As an English major, I did not expect to grow as a writer outside of my English classes. After being in the Honors Program for a year and a half, however, I have found that I have drawn inspiration from each of my classes. I have come to realize that understanding the world in new ways directly impacts my purpose and manner in writing. With my goal in writing to capture the stories surrounding me and to give insight into the world, I have created a hodge-podge recipe for my writing using the Honors classes as ingredients.
Ingredients:
- 1 unit Beginning to Seek (UHNR 101)
- 4 units Scientific Process (UHNR 114)
- 4 units The Arts (UHNR 115)
- 2 units Seminar in Rhetoric (UHNR 201)
- 4 units Religious Understandings (UHNR 224)
Directions:
- Add 6-7:50 P.M. UNHR 101 discussions into an empty bowl.Whisk in stories populating the current culture around.
- Add in conversations surrounding the COVID-19 pandemic, race and racism, gender and sexuality, and media representation.
- Heat personal thoughts with the friction of fingers on a keyboard as you write reflections.
- Develop an understanding of the importance of holistic stories.
* Moving forward from this point, you should regularly consider stewardship with stories. Ask yourself: Are you exploiting traumatic experiences for sensationalism? Are you telling the whole story, or are you telling it with a Western filter? What biases are characterizing your writing? Who are you trying to uplift, and who are you really uplifting?
- Fold in 4 units of scientific writing over ten weeks in the UNHR 114 classroom.
- Weigh out the importance of each detail.
- What is necessary for the reader to understand the message?
- Sift out unnecessary information. Add refined descriptions into the mixing bowl.
- Pour into a baking pan greased with proper context. Pop into the oven.
* Important! Without proper context, the final product will stick to the sides of your mind and fall apart when you try to take it out, forming incohesive, incomprehensible crumbs.
- Prepare The Arts-tistic frosting and filler.
- Add heavy observations about your surroundings into a new bowl.
- Sweeten with music, paintings, sculptures, and other forms of art.
- Add heavy observations about your surroundings into a new bowl.
* It is nice to get a variety of aging and regionality in these sweeteners. Baroque, for example, gives a more contrasting flavor than the more flamboyant tastes of the French Rococo.

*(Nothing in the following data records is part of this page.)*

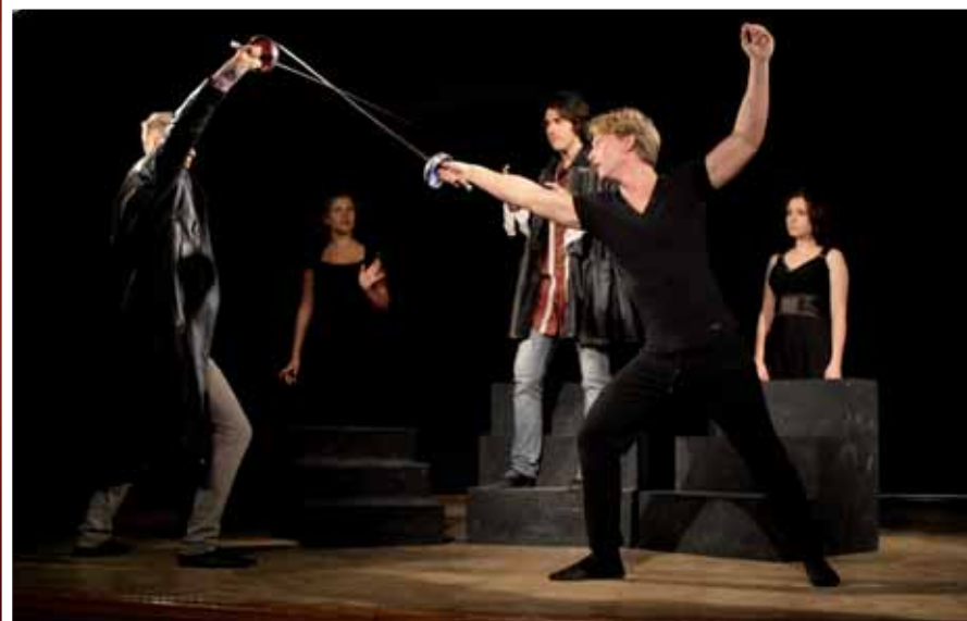
«Гамлет» Сцена з вистави.

...акторський рух служить засобом для імітації рухів персонажа, що означають його дії... ст. 87.
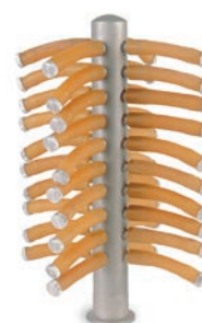
Manifold de 40 tomas
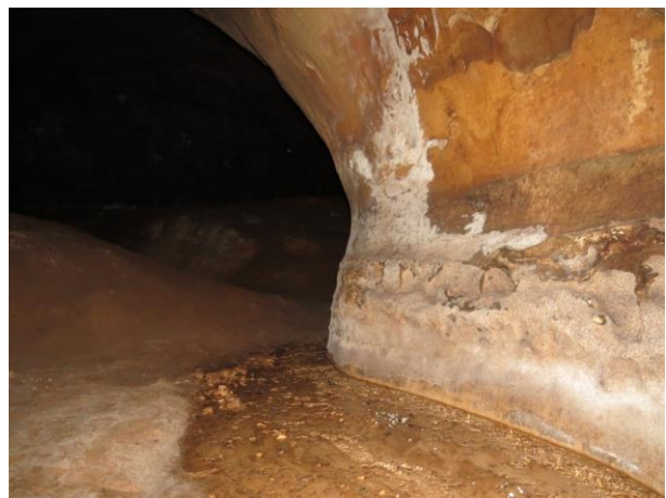
Figura 20 – Córrego no interior da caverna Kararão.

- Whisk in mindfulness until you get stiff peaks in the shape of concrete aesthetic responses.
* Once you have stiff peaks and know exactly how you feel in response to your surroundings and artwork, you will need to go by taste and your own discretion for the next steps.
- Play around with the flavor profiles of the artwork, incorporating and mixing and matching elements from them based on your aesthetic responses to each.

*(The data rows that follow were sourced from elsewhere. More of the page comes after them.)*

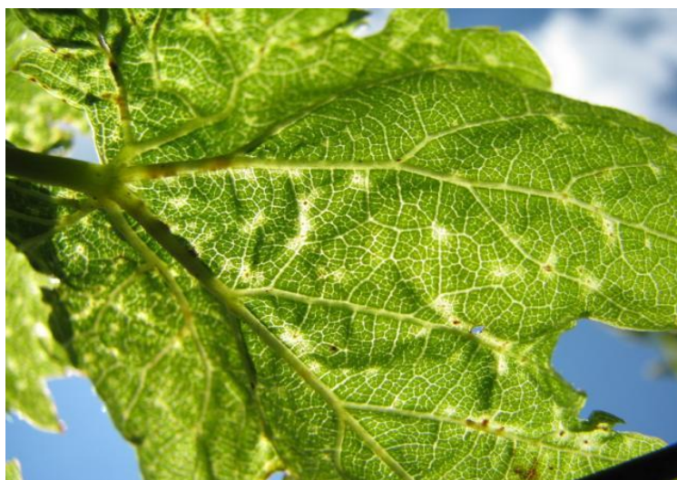
Slika 8. Simptomi akarinoze

Calepitrimerus vitis duga je 0,2 mm, a prezimljuje ispod kore i ljuske pupa. Oštećuje zeleni pup i izboje, a zadržavaju se i na lišću (zvjezdolika mjesta uboda). Izboji atrofiraju, internodiji se skraćuju, a grozdovi zakržljaju. Aktivna je od travnja do listopada, a glavne štete pričinja u rano proljeće. Veće štete čini u hladnija proljeća.
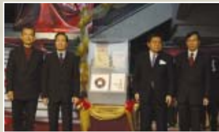
▲ 元智大學創校以來三位校長與董事長共同呈獻校史至校史館
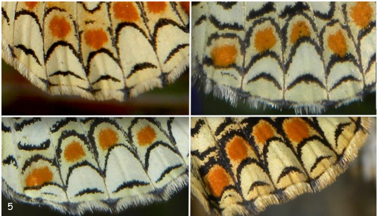
Fig. 5. - Detalle del reverso del ala posterior de M. phoebe (izquierda) y M. ornata (derecha).
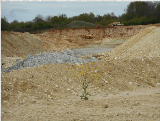
Carrière d'extraction d'argile à ciel ouvert

Fouilles archéologiques de Poigny : Le site de Poigny était occupé dès la fin de l'âge de fer au 1 er siècle avant Jésus Christ, période de l'indépendance gauloise. En 1990, ont été mis à jour, une voie dallée, un habitat gaulois, des mosaïques et tessons de céramique gallo-romains sur un oppidum à 135m. A l'époque mérovingienne, puis carolingienne, un village se fixe sur les hauteurs sous le nom de Poigny comme le prouve un écrit de 1265. Des vestiges de l'Eglise Saint-Michel des 6 e , 13 e et 17 e siècles ont été retrouvés. A la fin du Moyen-Age au 15 e siècle, les habitants s'installèrent en contrebas le long d'une route de la vallée.
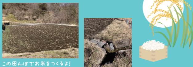
この田ほてお米をつくるよ!

昔は農協に卸していたけど、今は自分たちの分だけ育てているというこのご家族。作る苦労もあるけれど、ずっとこの生活だからそんなに大変とは思わないし、自分たちで作ったお米は最高に美味しい。愛情がこもっているのもあるけれど、冷めても美味しいんだから間違いのない。おにぎりなど冷めた時の味で美味しさの違いが判るんです。だからやっぱりやめられないわあ、と。初インタビューしたのは3月下旬。ぼちぼち5月末の田植えに向けて準備しなくちゃね、という話を伺いました。次回は田植えのお手伝い。少しでもお役にたてるようがんばります!
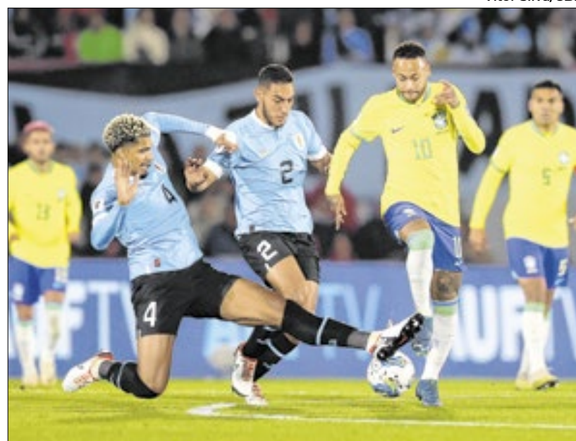
Último jogo de Neymar pela Seleção Brasileira foi em outubro de 2023
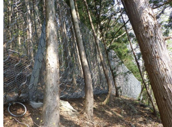
下郷町小沼崎地内
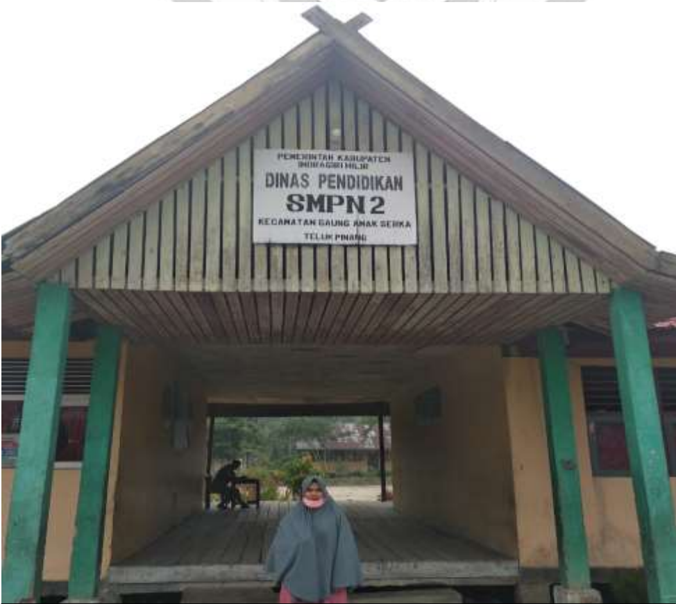
Photo Dokumentasi Gerbang Sekolah SMPN 02 Gaung Anak Serka.
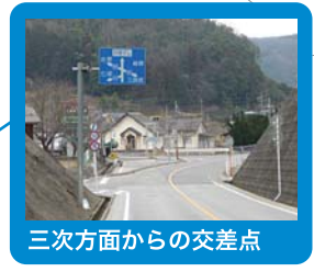
三次方面からの交差点
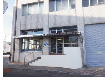
ドリームセンター外壁等維持補修事業
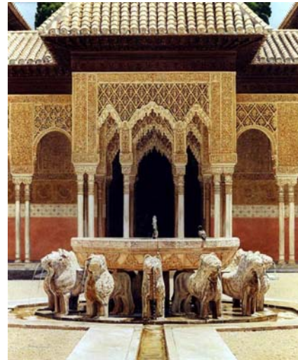
Fuente en el Patio de los Leones de la Alhambra de Granada
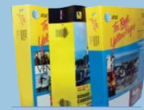
Phone Books Guías Telefónicas
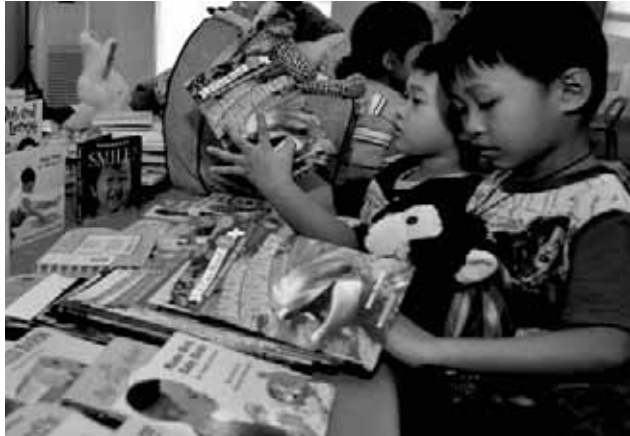
Tila isang quality check ang isinasagawa ng mga paslit na ito sa mga bagong aklat at laruan ipinagkaloob sa kanilang day care center ng Rotary Club of Valenzuela West at Rotary Club of Kerrville, Texas, USA.

Sa kasalukuyan, mayroong tatlong iba pang day care center ang tinatapos para magamit ng kanilang pamayanan. Ito ay ang Sitio Kabatuhan Day Care Center sa Brgy.
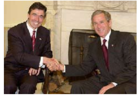
Fogh hos Bush i Det Hvide Hus 2002: "Irak har masseødelæggelsesvåben. Det er ikke noget, vi blot tror. Det er noget, vi ved."

Samme dag bombede krigsskibe fra alliancen – en del af den flåde på tyve skibe, som håndhæver blokaden af havet ved Libyen – en Røde Kors-bygning i den af oprørerne kontrollerede by Misrata, ligesom man bombede
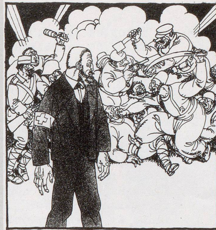
«Potz Chaib! – Wann ich da nu am End nüd au na muess mitmache!»

- See how you can make the concepts of this art new and ripen your own work. For example, maybe you want to flavor with airy, blurred descriptions to capture the fleetingness of a tender moment like the Impressionists!
- Spread frosting and filler carefully across the cake using a Seminar in Rhetoric spatula.

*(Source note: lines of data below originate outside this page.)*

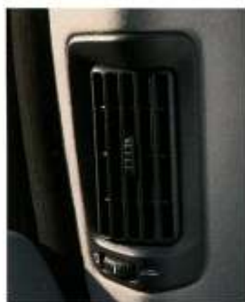
Entradas de ar separadas para o banco traseiro melhoram o conforto e ajudam a manter as janelas laterais desembaciadas.

Se necessitar de mais espaço de carga, basta rebater o banco traseiro - integral ou parcialmente. Pode ainda rebater o encosto do banco do passageiro da frente. Os objectos longos podem ser transportados na bagageira graças à existência de uma abertura no apoio de braços central do banco traseiro.
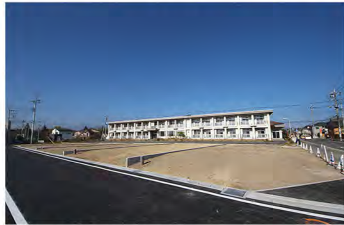
分譲地内、北側の5区画は南道路で陽当たり良好
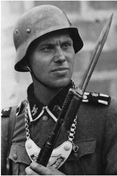
Ein Freiwilliger der Nordland

Führers SS-Männer aus ausländischen Freiwilligeneinheiten waren. Männer aus Frankreich, Dänemark, Schweden und Norwegen verteidigten den Bunker bis zur letzten Stunde. Sie taten dies in der Überzeugung, dass der Bolschewismus um jeden Preis besiegt werden muss, um die Welt vor der
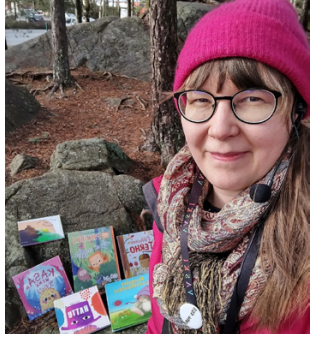
Kirjastonhoitaja ulkosatutunnilla Tapiolassa.
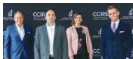
Bourse Aile Jeunesse : ARIV
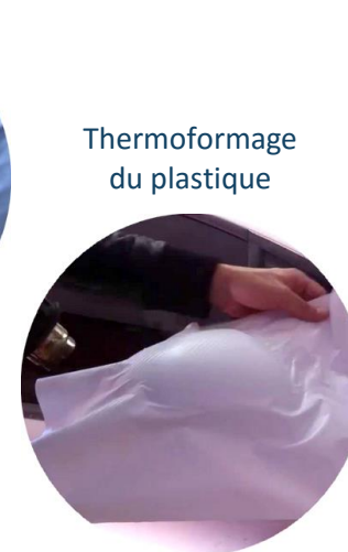
Thermoformage du plastique
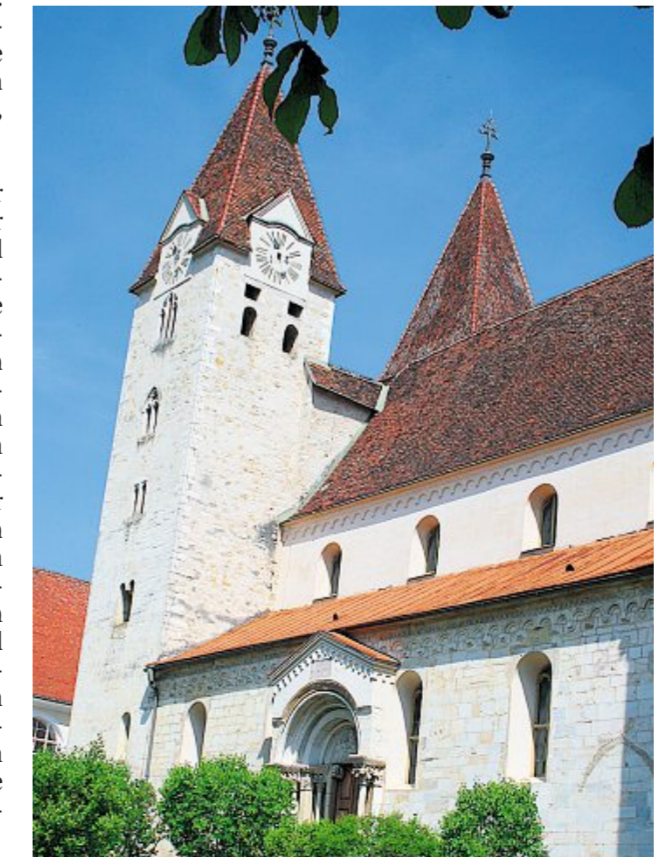
St. Paul im Lavanttal: Die 1264 geweihte Stiftskirche beherbergt Grabstätten von insgesamt 14 Habsburgern
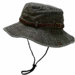
Sombrero con protección de cuello
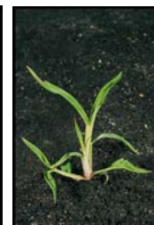
Panic pied de coq
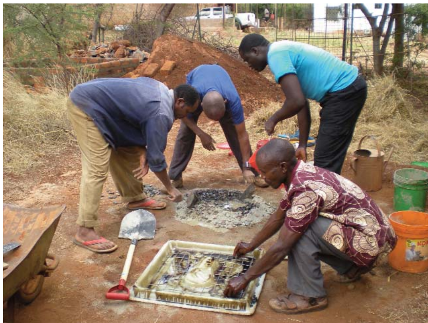
Figura 3. Albañiles construyendo una letrina en Kongwa - Tanzania (2014).

“Meta 4: Programa propio de Cooperación al Desarrollo de las Universidades españolas.
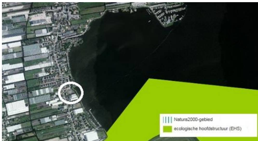
Uitsnede kaart 8: EHS en Natura2000

Zoals onderstaande afbeelding weergeeft is het plangebied gelegen nabij de EHS.

- Spread your descriptions across the cake with even pressure, making sure to fill in and cover all the surfaces.
- This will ensure that when presenting your cake, the consumer will not question nor have to fill in the missing spots on their own. You get to control what the whole picture of your story looks like, even while preserving the beauty of how each enjoys the taste differently. Your cake will then be distinct and complete as its own cake, and consumers can focus on the flavors and design that make it unique, as opposed to a cake remembered for its lacking.
- When piping details onto the cake, play with the pressure, pacing, and design.
- Take care with each detail, recognizing that each changes the overall tone of the cake. Which colors, words, and piping tips can you use that will convey “hope” the best, for example, if that is the cake’s purpose?
- You want the consumer to be engaged, interested, and satisfied in one way or another with each bite and when they are finished.
- Spread your descriptions across the cake with even pressure, making sure to fill in and cover all the surfaces.
- You can always embellish with symbolic toppers given to you from Religious Understandings.
- When using symbolic toppers and ingredients in general, consider their connotations. What associations arise from using that specific symbol or word? For who? How might it be interpreted differently from taster to taster? Maybe a pea flower to one represents spring and to another represents Mendel’s experiments.
Enjoy the cake with your friends in South Hall! Offer a slice to Dr. Kokhan! Maybe it will make up for your horrendous quiz answers. Continue to modify the recipe as you continue to learn!
— Katie Jang (Major: English Creative Writing, Class of 2025)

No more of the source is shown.